Ismael Rescalvo Sánchez (born 2 March 1982) is a Spanish retired footballer who played as a central defender, and is the manager of Bolivian club The Strongest.

Career
Born in Valencia, Rescalvo joined Levante UD's youth setup at the age of 14. After representing Massamagrell UD and CF Torre Levante, he retired at the age of 28 due to an injury. After retiring he worked at La Creu CF and Levante's youth setup before returning to Torre Levante in 2012, taking over the club's Juvenil squad.

On 10 July 2013, Rescalvo was appointed manager of Torre Levante's first team in Tercera División. After avoiding relegation in his first two seasons, he took the club to a ninth position in his third, the club's best ever position in the league until then.

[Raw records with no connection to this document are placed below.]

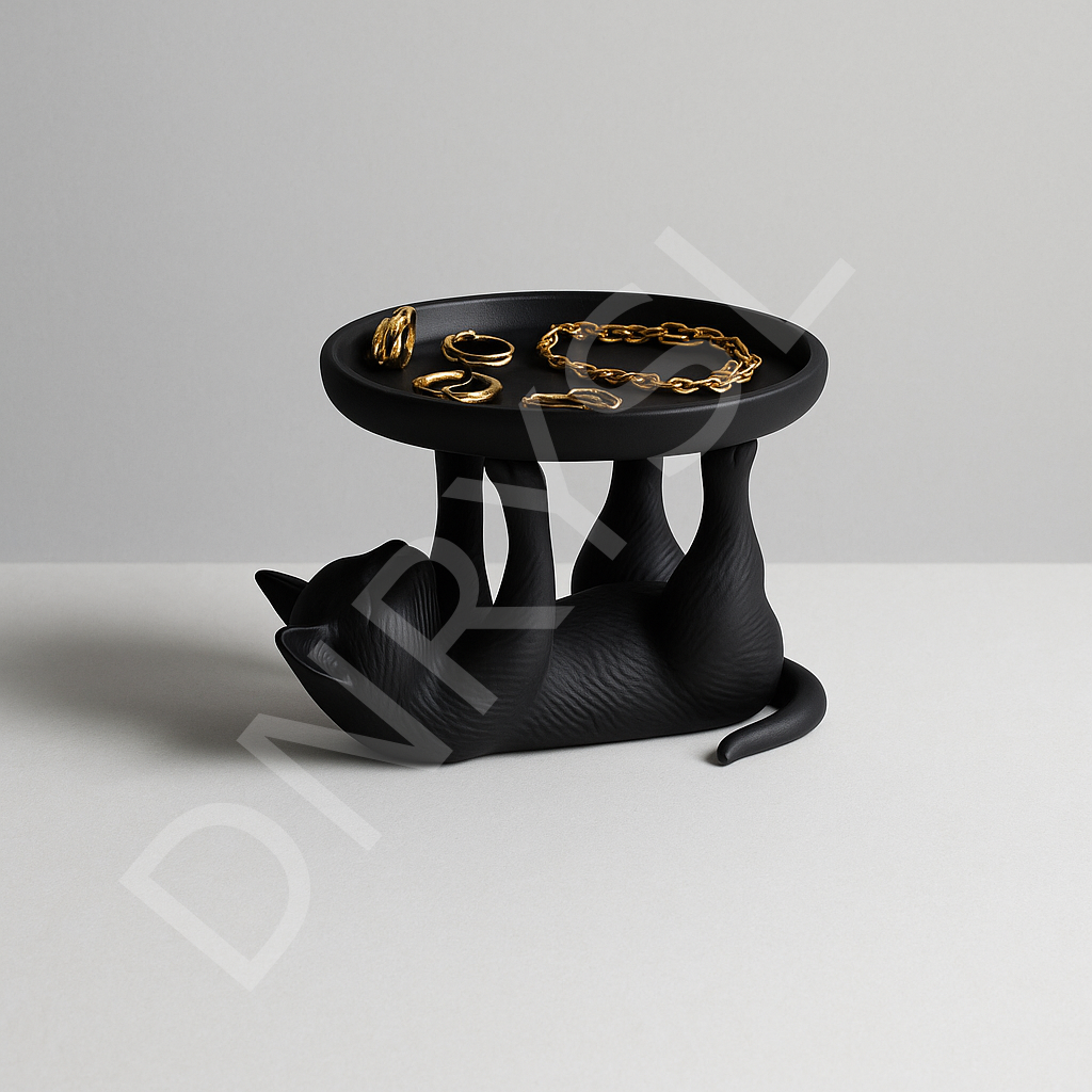 Kedi Formlu Dekoratif Takı Standı ve Makyaj Düzenleyici, PLA Malzeme, Minimal Organizer, Siyah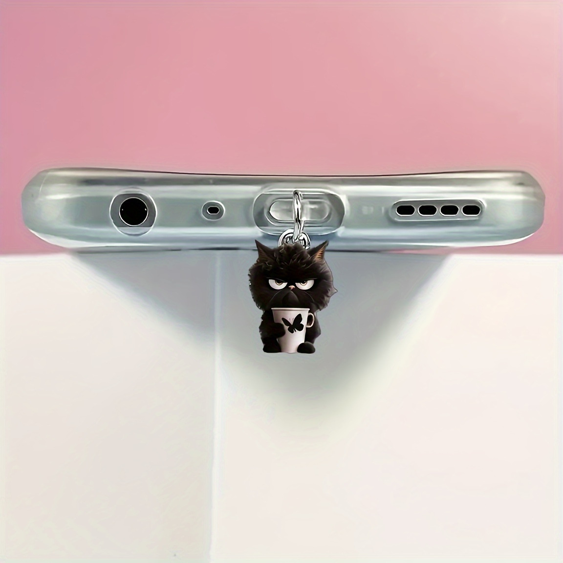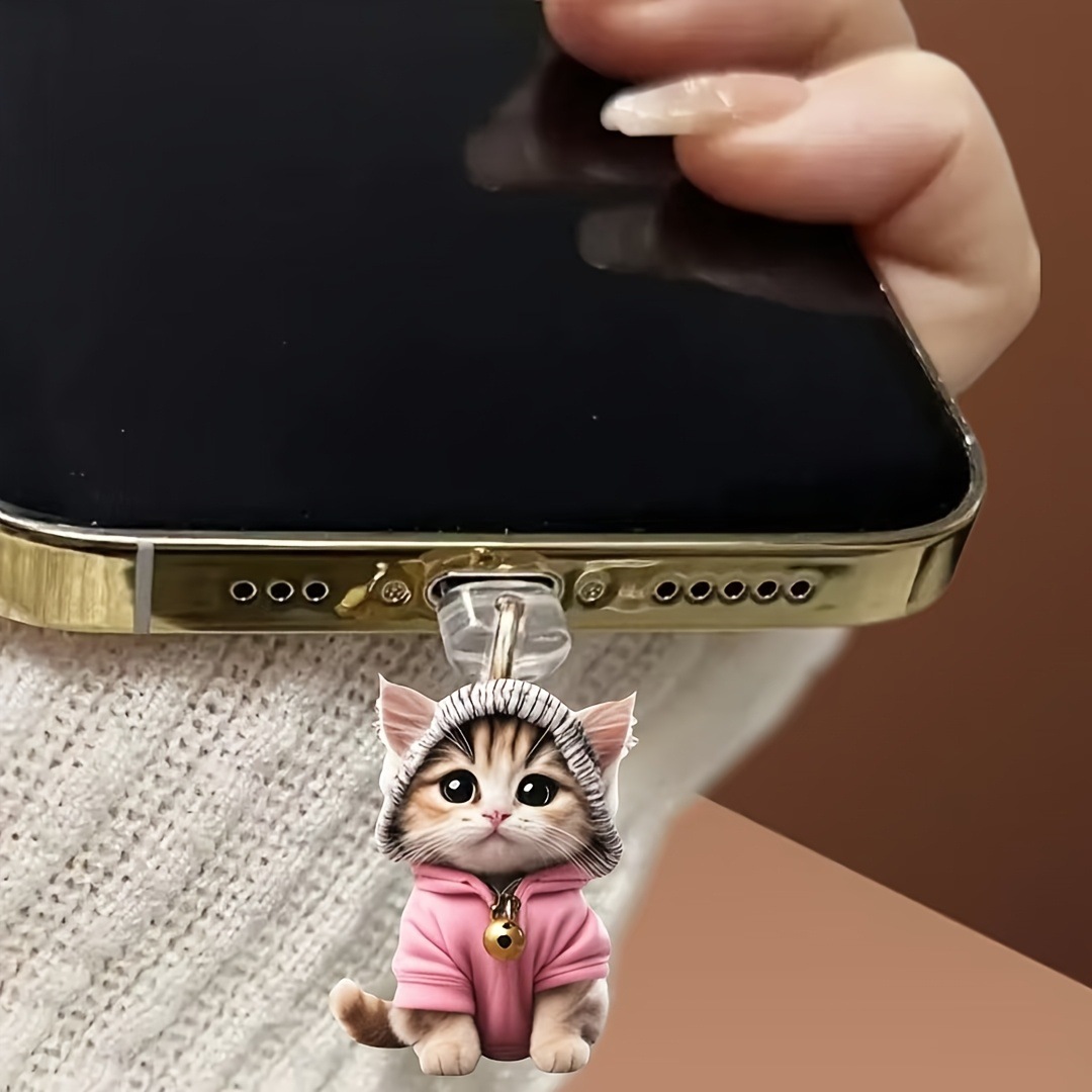 ピンクのスウェットシャツの斑点のある猫 2D アクリル電話ダストプラグ、Type-C と互換性あり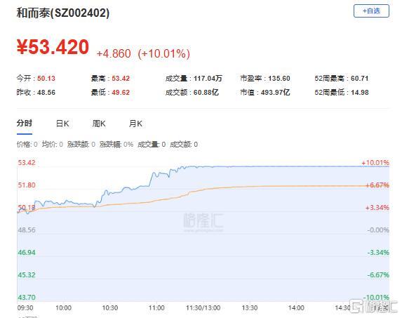 和而泰:今日涨停,换手率14.52%,成交量117.04万手,成交额60.88亿元。龙虎榜数据显示,机构合计净买入3.3亿元,北向资金合计净买入1.88亿元。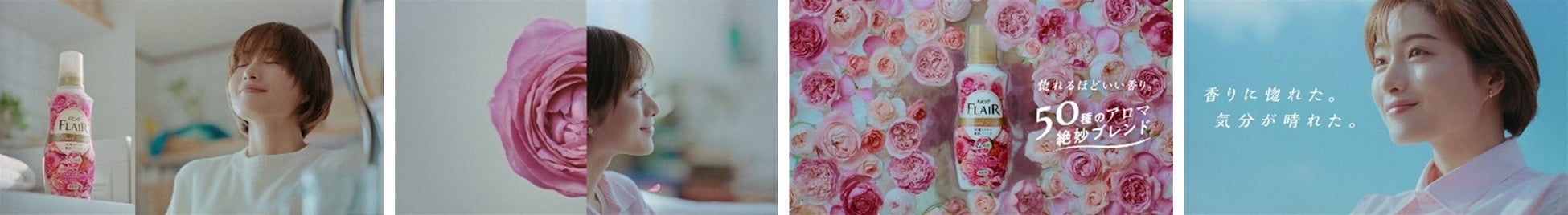 また、「ハミング フレア 贅沢アロマエッセンス」のCMは、初めて体験する“贅沢な香りの変化”に心の底から驚いている石原さんのリアルな表情が必見のCMとなっています。石原さんが “香りを感じる瞬間”にぜひご注目ください。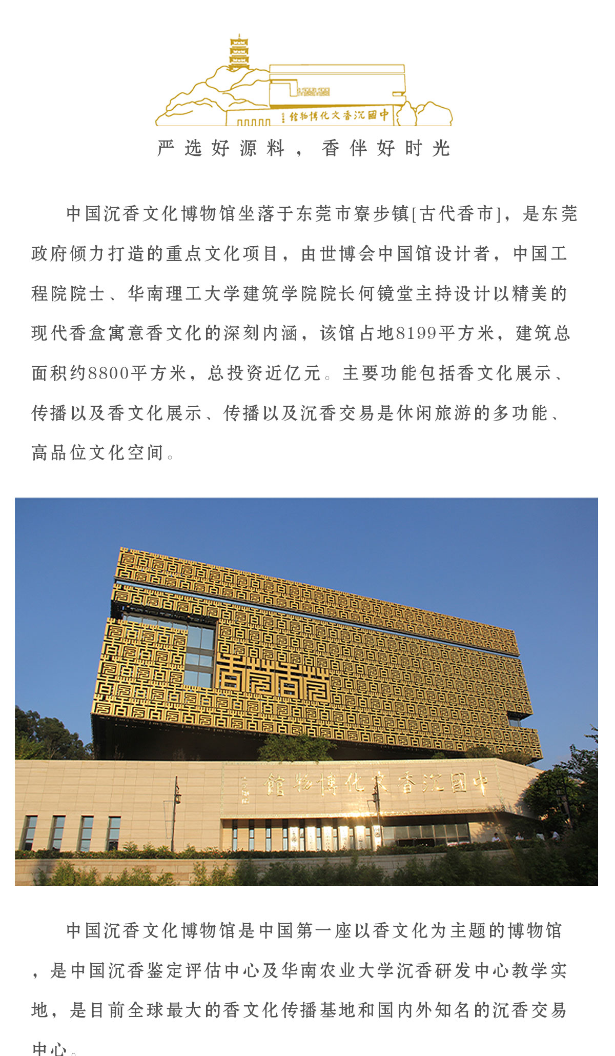 中国沉香文化博物馆坐落于古代[香市]东莞市寮步镇,是东莞政府倾力打造的重点文化项目,由世博会中国馆设计者,中国工程院院士、华南理工大学建筑学院院长何镜堂主持设计,以精美的现代[香盒]寓意香文化的深刻内

On 3 June 2016, Rescalvo was presented as the new manager of Categoría Primera A side Envigado FC. He resigned on 2 August of the following year, he took over Independiente Medellín as an interim manager on 16 October 2017.

Rescalvo was definitely appointed manager of DIM on 28 November 2017, but was dismissed the following 6 June. On 28 June 2018, he switched teams and countries again after being named manager of Independiente del Valle and since April 2019 he was appointed manager of Emelec.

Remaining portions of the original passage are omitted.